Problemy organizacyjne można wybaczyć - chociaż trudno mi się pogodzić z tym, że tutaj chore i zdrowe dzieci muszą razem wyczekiwać na wizytę. W naszej polskiej rejonowej przychodni nawet wejście było z innej strony budynku! W końcu nauczyłam się prosić o kontrolne wizyty bezpośrednio po przerwie obiadowej, w ten sposób mieliśmy szansę być sami w poczekalni.
Ale to mniej ważne, niż błędne diagnozy, i to nie raz, oraz zapisywanie leków, które nie pomagały. W końcu wychodziłam z gabinetu z dwoma zestawami recept: "na teraz" i "gdyby nie pomogło". I znam więcej osób, które miały takie problemy.
Z przychodni przy rue Goebbel też nie byłam całkiem zadowolona, ale to właśnie z powodów organizacyjnych. Sam lekarz, Guy Molitor, w porządku. (Mówi po angielsku).
Niestety, trochę daleko od domu, ale może do niego wrócimy, jeżeli nie znajdę kogoś fajnego.
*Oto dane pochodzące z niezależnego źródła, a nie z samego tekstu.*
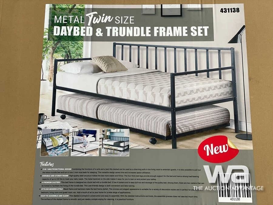 (UN-USED) METAL TWIN DAYBED & TRUNDLE FRAME SET
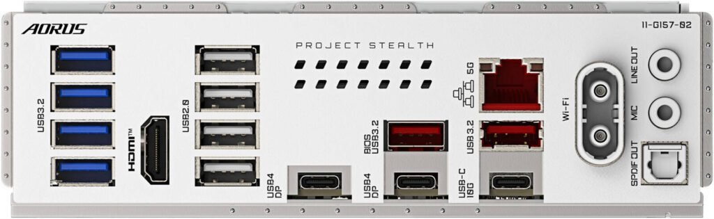 | Back Panel I/O | 1x HDMI, 2x antenna, 2x USB4 Type-C (DP), 1x USB-C 3.2 Gen2, 2x USB 3.2 Gen2 Type-A, 4x USB 3.2 Gen1, 4x USB 2.0, 1x RJ-45, 1x S/PDIF, 2x audio jacks |
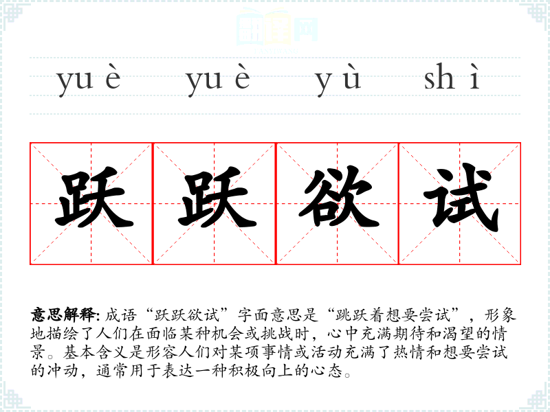 - 日常对话:朋友之间可以用来表达对新活动的期待,比如“听说这个新游戏很好玩,我也跃跃欲试。”
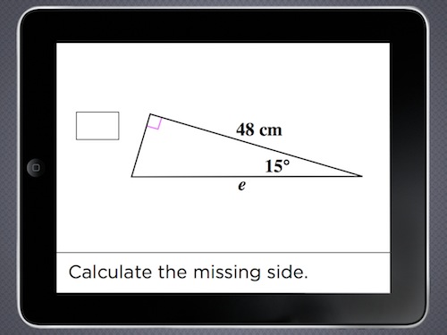 Calculate the missing side. And we do this very interesting thing on these problems where the student gets an answer and we go around and we look at the answers. When the answer is wrong, we ask, “Does your answer make sense? Is your answer reasonable?” It has the effect of stigmatizing that question, of course, so they know “Is your answer reasonable?” means “Your answer is wrong.” But it’s interesting when we ask that question. We ask that question once they’ve climbed to the very highest rung on the ladder. They’ve selected a model. They’ve performed the operation. They are way high up there. And we ask them to climb on down and access the lowest rung on the ladder. “Is your answer guessable, reasonable? Does your intuition say, ‘Yeah, it works.'”
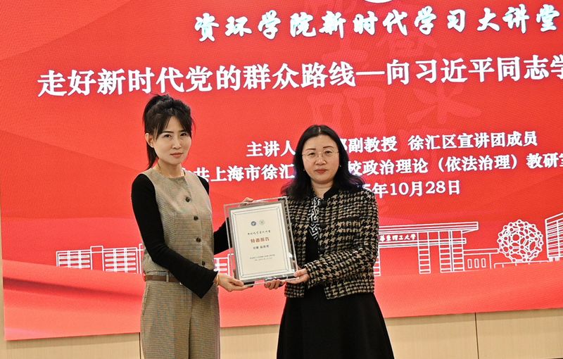 为深入学习贯彻党的二十届四中全会精神,锲而不舍落实中央八项规定精神,推进作风建设常态化长效化,深化师生的国情教育,10月28日下午,资源与环境工程学院组织开展“新时代学习大讲堂”报告会,特邀中共上海市徐汇区委党校副教授、徐汇区宣讲团成员刘娜作“走好新时代党的群众路线—向习近平同志学做群众工作”辅导报告。学院党委副书记、纪委书记陈雪莉主持报告会,学院党政领导、教职工和学生党员参加了此次活动。
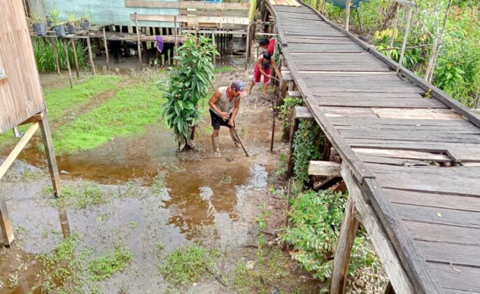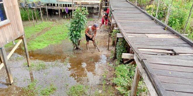 “Pekerjaan pembangunan gang itu tidak bisa dilanjutkan karena kebanjiran, makanya kami hentikan. Selain itu keterlambatan pekerjaan juga terjadi disebabkan DD tahap dua itu baru cair di bulan November 2021 kemaren,” terangnya.
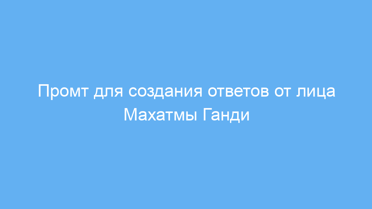 Этот промт предназначен для пользователей, которые хотят получать ответы или тексты, написанные от лица Махатмы Ганди — лидера движения за независимость Индии и основоположника концепции ненасилия. Он полезен для изучения истории, подготовки материалов по обществознанию, философии, правам человека и гражданскому неповиновению.
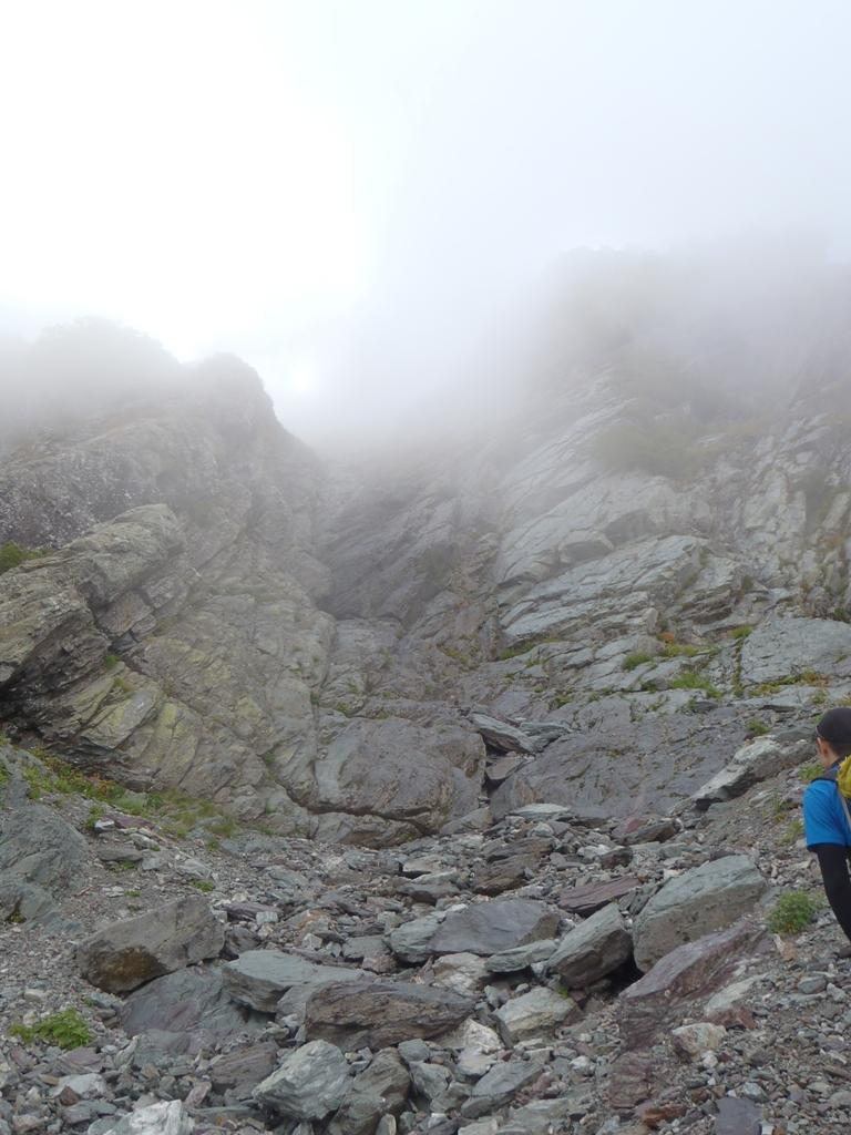 第4尾根終了点付近の大崩壊後は怖ろしく、長居したくない感じ。

minka pisze:Dr Welter jest przede wszystkim przemeczony. Przyjmuje od rana do wieczora. Siedzi sie w poczekalni w nieskonczonsc, dzieci chore ze zdrowymi w malej poczekalni. Ja zmienilam pediatre, chociaz na poczatku bylam z niego zadowolona. Nie bede tu mowic, co bylo ostatecznym powodem, ale tak jak mowi Oksy, zdarzylo mu sie zle zdiagnozowac chorobe i po 2 dniach znowu siedzialam u niego w poczekalni. Oczywiscie liczyl za kazda wizyte. Za kazdym razem corka dostawala ten sam zestaw lekarstw.